A fingerprint, when used on an electronic lock of this kind, is not a key. It's attributable to one person only, not trivially duplicated, and not able to be reverse engineered from a locking mechanism. It requires an action by a single person who cannot be forcibly relieved of their possession of their fingerprint.

Additionally, a key is specified during the manufacturing or assembly of a lock, and comes with the lock, since they are "paired" when the lock is made. However, a fingerprint or password are specified by the user at will after they've assumed ownership of the device. They "testified" their identity to their phone with a fingerprint, just like they did with their password.

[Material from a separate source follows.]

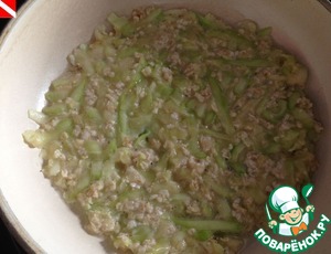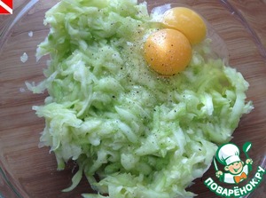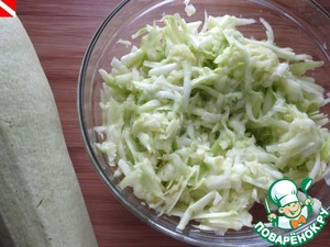 Средний кабачок (у меня был 683 г) помыть, очистить от шкурки и семян. Натереть на средней терке. Слегка посолить, отжать сок.
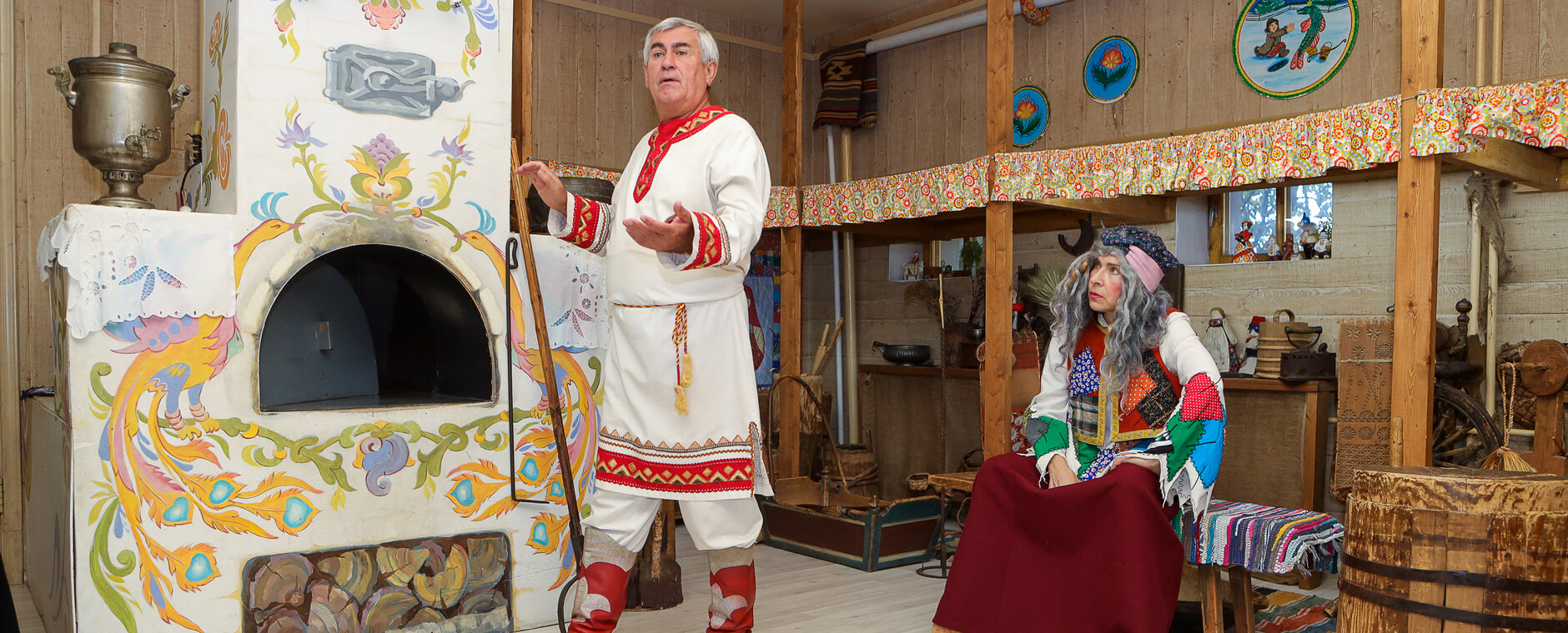 Разбушевался Змей Горыныч. Баба-Яга вместе с ребятами придумает, чем задобрить его и как укротить. Дети узнают о злаковых культурах, из которых готовят основные традиционные блюда, встречающиеся в сказках народов мира. Познакомятся с предметами крестьянского быта и попробуют ими пользоваться. Загадки, игры, хороводы ждут вас в этой программе. А в конце — все смогут примерить на себя народные костюмы.

If compelled to imprint a finger, it is the same sort of personal interaction that a password entails: the credential holder utters/presents their personal information - not a physical object, but a repeated testimony of the same content they previously and uniquely presented to their device. It should be protected as other self-incriminating testimony under the fifth amendment.

2 comments

I think the courts have this one right. Your finger is a characteristic of you, not compelled speech.

If you can compel a suspect to stand up on a lineup, or produce id, there's no reason why the court shouldn't be able to compel you to produce a finger.

In technical terms, the finger is really a "something you have" second authentication factor. If you think of it on those terms, it's more like looking at someone's Hardware token than compelling a password disclosure.

>Your finger is a characteristic of you, not compelled speech.

So is all your knowledge. The technology to extract it doesn't yet exist, but once it does, should it be deployed by the courts without a challenge from the 5th Amendment?

Clearly there's going to have to be some evolution from a legal standpoint once accessing your thoughts is a mere fMRI away.
> If compelled to imprint a finger, it is the same sort of personal interaction that a password entails:

Not quite sure it is though. If they already arrested them, they already have the fingerprint don't they? That is different than key and is different than password.